We won't tell you the end, but like in Jurassic Park where the dinosaurs took over and killed the humans, here these bacteria ran riot and if they are not stopped they will destroy the entire planet.

This book of tension is responsible among other things for the fact that parliaments have genuinely accepted resolutions calling on the governments of those countries (including Israel) to establish laws that will supervise experiments in nanotechnology and genetic engineering even if the price is slowing down the pace of development. At least as far as nanotechnology is concerned, this is certainly the influence of the book that has now been published in Hebrew by Sefrit Ma'ariv

Emanuel Lotem, the veteran translator of science fiction and popular science books took on the task of bringing these developments, many of which barely have Hebrew terminology, to the Hebrew reader.

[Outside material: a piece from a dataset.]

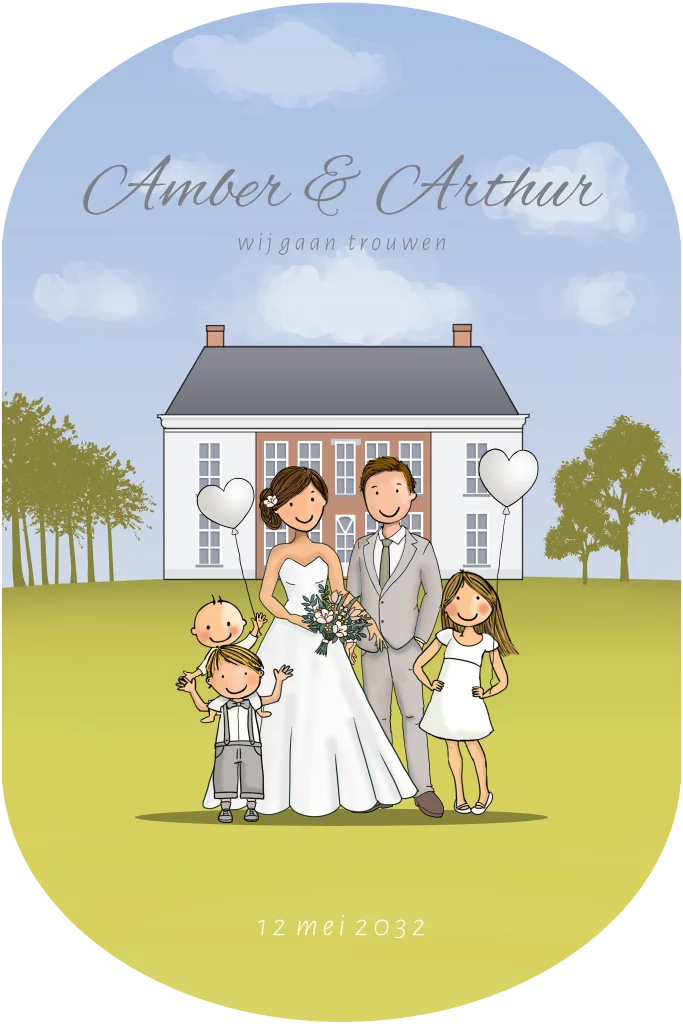 Trouwkaart stansvorm familie met kleurrijke achtergrond. De poppetjes zijn naar wens aanpasbaar. In de clipart staan veel leuke varianten. Veel plezier met het ontwerpen!

Although the book was published in its English version over a year ago, this does not detract, on the contrary, some of the technologies described in it have matured in the right direction, but as with any technology, the person who determines whether it is good or bad will ultimately be the person. Whether it is the developer or the users of these systems. It is true that too many feel that technology is running too fast, but since this is beyond our control as individuals, all that is left is to try to cope with the pace.